PERSONAL PROP. TAX EXEMPTION; FILING S.B. 359 (S-1):
SUMMARY OF BILL
REPORTED FROM COMMITTEE
Senate Bill 359 (Substitute S-1 as reported)
Sponsor: Senator Dave Hildenbrand
CONTENT
The bill would amend the General Property Tax Act to provide that, for 2017 only, if an owner of qualified new or previously existing personal property (eligible manufacturing personal property) did not file with the city or township assessor a combined document to claim an exemption by February 21, 2017, the owner could file the combined document by May 31, 2017. The owner still would have to meet all deadlines required under the State Essential Services Assessment Act.
If the assessor determined that the property qualified for the exemption, the assessor immediately would have to amend the assessment roll to reflect the exemption. By June 9, 2017, the assessor would have to transmit to the Department of Treasury the combined document filed, or the information contained in it, and other parcel information the Department required. The assessor could deny the claim for exemption if he or she believed that the property was not qualified new or previously existing personal property.

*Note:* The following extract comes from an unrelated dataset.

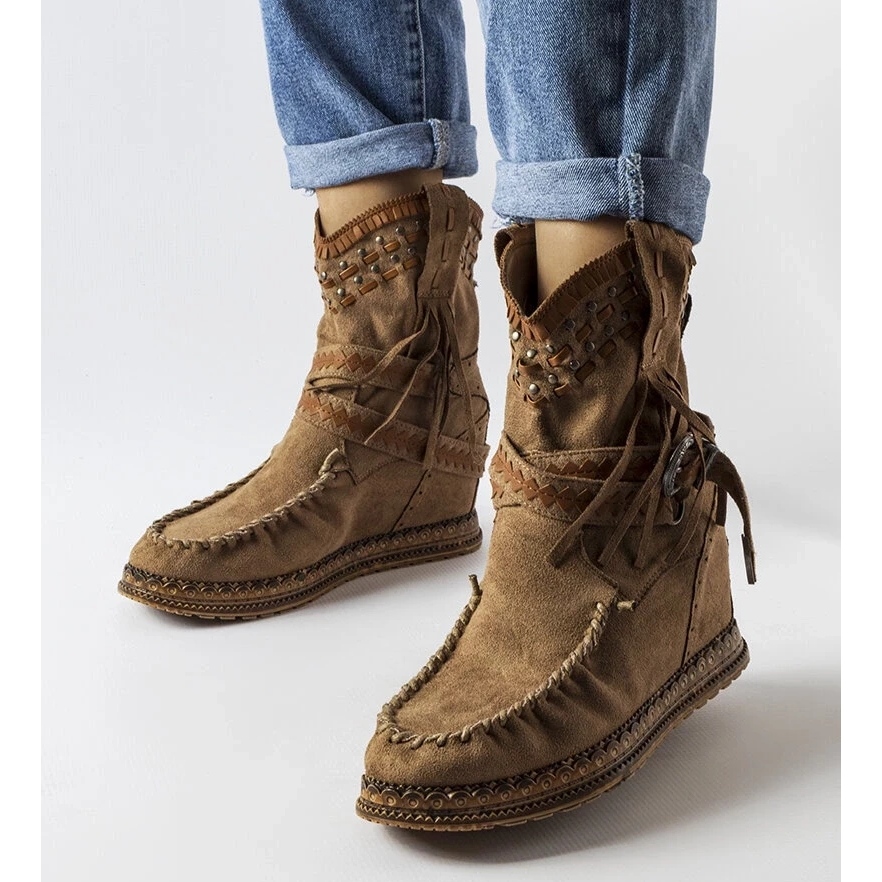 Marka Beausoleil poznata je po pažnji na detalje i udobnost nošenja. Tamno smeđe klinove čizme idealan su primjer kombinacije estetike i udobnosti - izgledaju sjajno u raznim stilizacijama, naglašavajući individualni karakter žene koja ih nosi. Oni također nude odgovarajuću podršku za stopala i odlično jastuk, tako da možete provesti cijeli dan bez nelagode.

MCL 211.9m & 211.9n Legislative Analyst: Drew Krogulecki
FISCAL IMPACT
The bill would reduce State and local revenue and increase administrative costs for State and local government by an unknown amount. A similar extension enacted by Public Act 108 of 2016 resulted in an estimated 500 additional properties qualifying for personal property tax (PPT) exemptions. The number of properties that would qualify under the proposed extension for 2017 could be larger or smaller than in 2016. The bill would reduce State Education Tax (SET) revenue and local property tax revenue by an amount that would depend on the number and taxable value of the properties that qualified for a PPT exemption due to the extended deadline. Local revenue changes also would depend on local millage rates. The General Fund reimburses the School Aid Fund for reductions in SET revenue and the increased cost of the foundation allowance due to reduced property tax collections. The distribution of personal property tax reimbursement payments from the Local Community Stabilization Authority (LCSA) to eligible local units would change somewhat based on the distribution of exempt property among local units of government. The total amount of LCSA payments, however, would not change as the total of all PPT reform reimbursements each year is set in statute. State revenue from the Essential Services Assessment would increase by an unknown and likely minimal amount. The Department of Treasury and local officials who administer the property tax would have additional administrative costs under the bill, which likely would be absorbed within existing resources.
Date Completed: 5-10-17 Fiscal Analyst: Elizabeth Pratt
This analysis was prepared by nonpartisan Senate staff for use by the Senate in its deliberations and does not constitute an official statement of legislative intent.